■ Exercise ■
Give again, word for word, the lines below that run from the line with "GRANDNAVI USB sans" through the line with "Dengan ini kami". Drop the pictures.

Records Start Marker

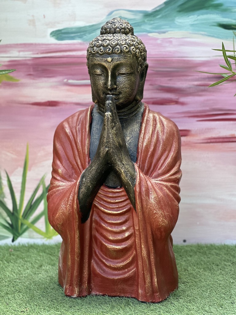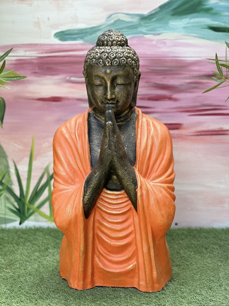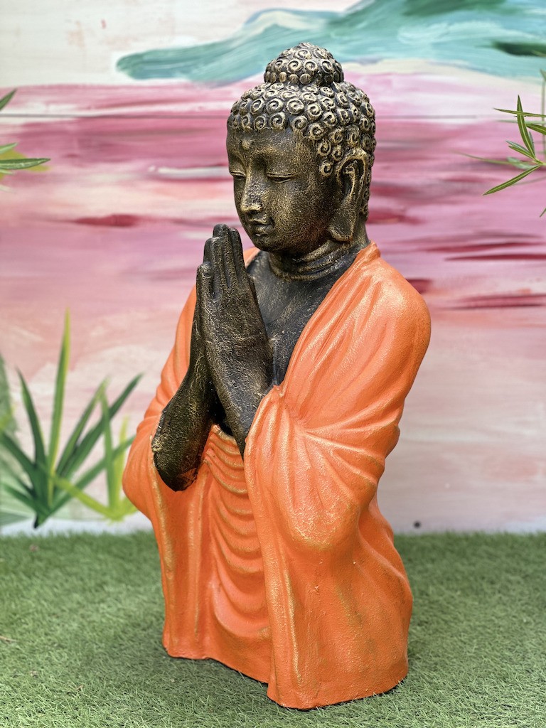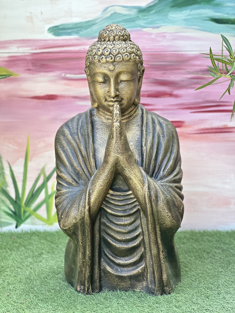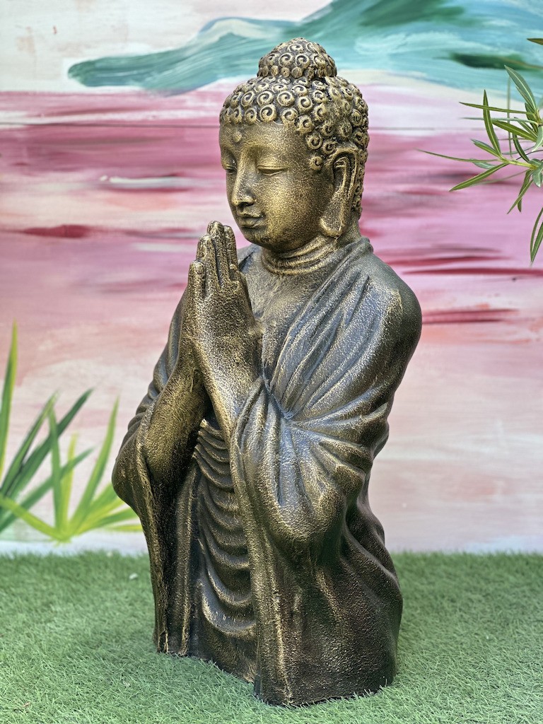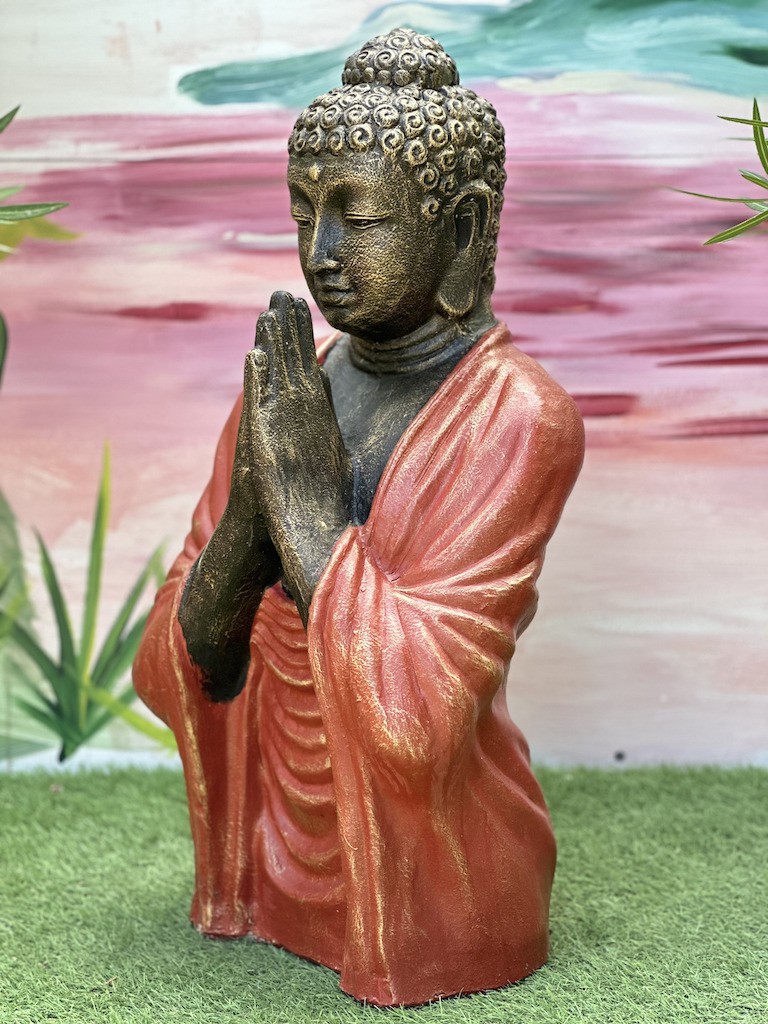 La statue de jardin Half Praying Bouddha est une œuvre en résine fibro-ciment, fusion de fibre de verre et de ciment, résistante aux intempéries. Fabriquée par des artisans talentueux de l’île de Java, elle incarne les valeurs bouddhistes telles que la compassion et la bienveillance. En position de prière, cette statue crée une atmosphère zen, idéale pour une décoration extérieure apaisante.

Records End Marker
Records Start Marker

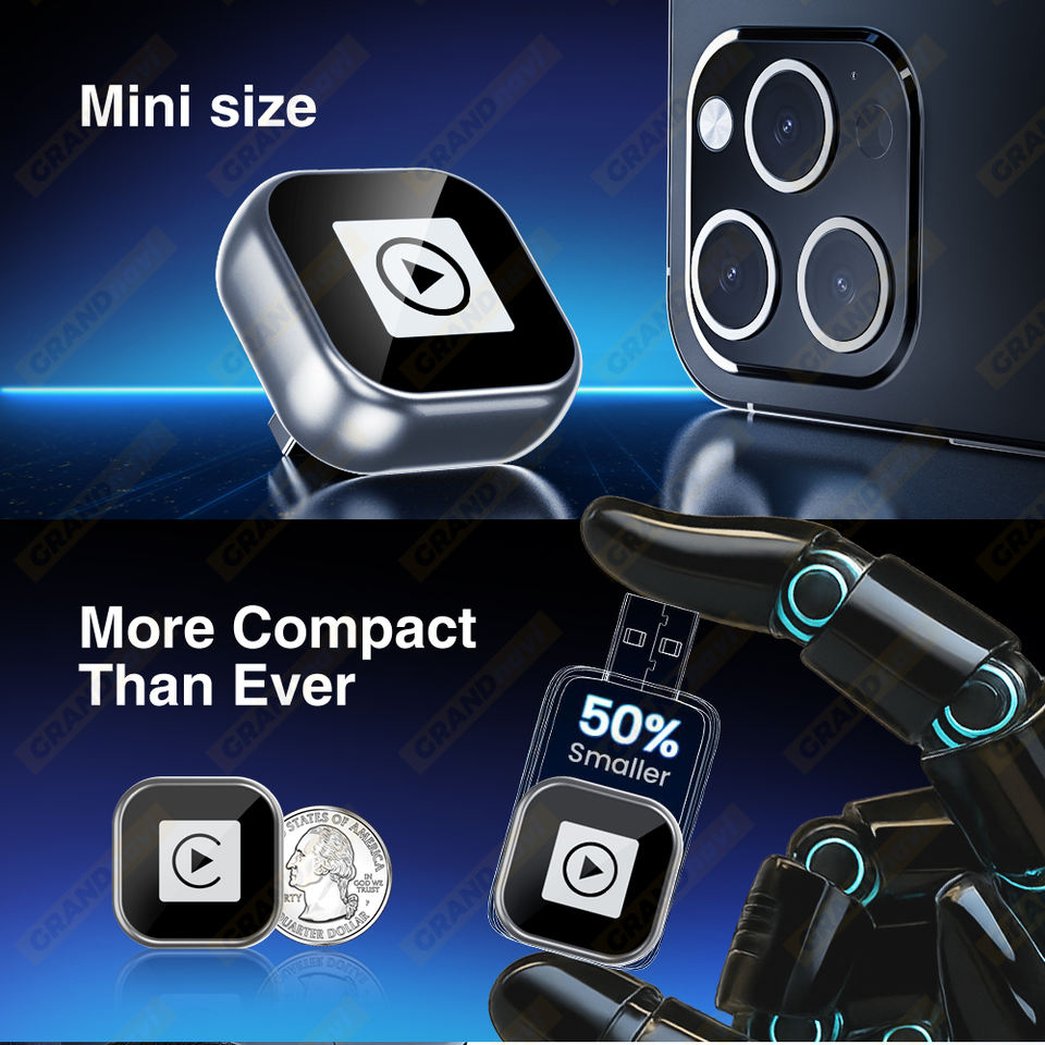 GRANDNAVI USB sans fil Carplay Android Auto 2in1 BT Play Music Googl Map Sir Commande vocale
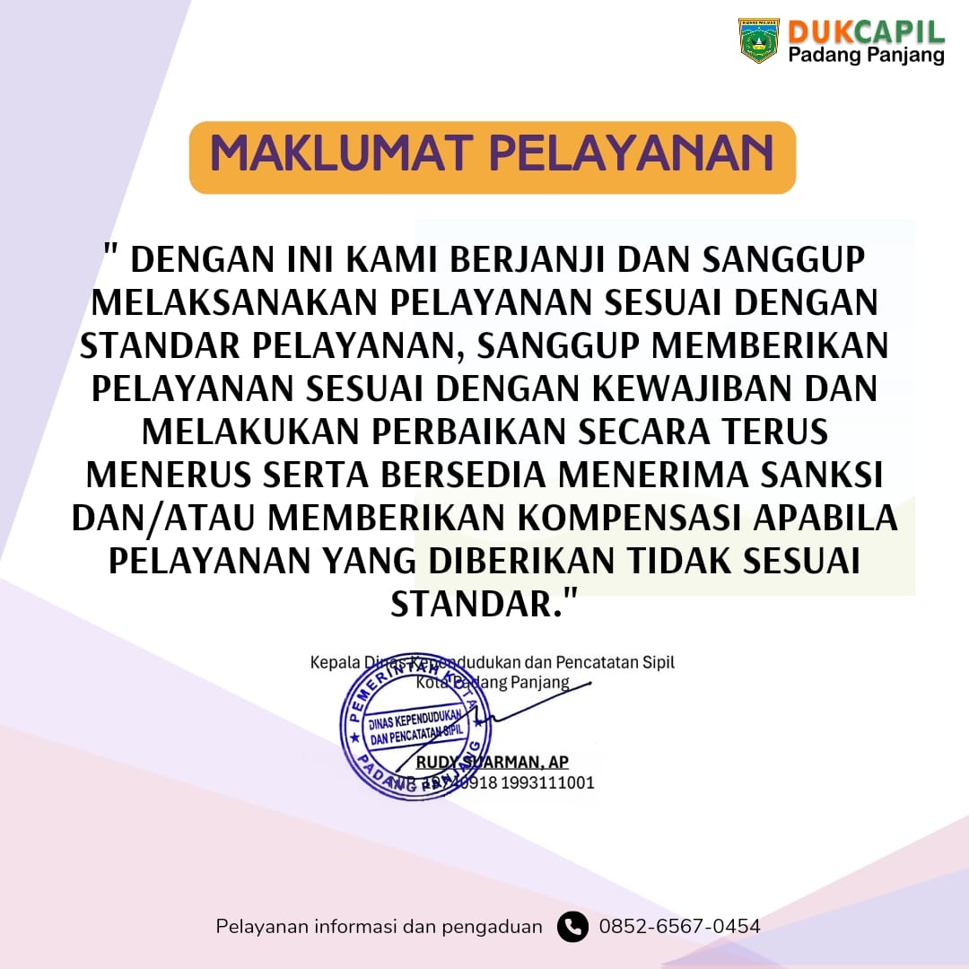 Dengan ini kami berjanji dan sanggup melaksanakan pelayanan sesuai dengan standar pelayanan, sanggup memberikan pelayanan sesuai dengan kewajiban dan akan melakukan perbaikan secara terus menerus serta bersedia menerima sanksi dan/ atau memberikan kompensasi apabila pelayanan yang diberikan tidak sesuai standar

Records End Marker

■ Reply to the task ■
 GRANDNAVI USB sans fil Carplay Android Auto 2in1 BT Play Music Googl Map Sir Commande vocale
 Dengan ini kami berjanji dan sanggup melaksanakan pelayanan sesuai dengan standar pelayanan, sanggup memberikan pelayanan sesuai dengan kewajiban dan akan melakukan perbaikan secara terus menerus serta bersedia menerima sanksi dan/ atau memberikan kompensasi apabila pelayanan yang diberikan tidak sesuai standar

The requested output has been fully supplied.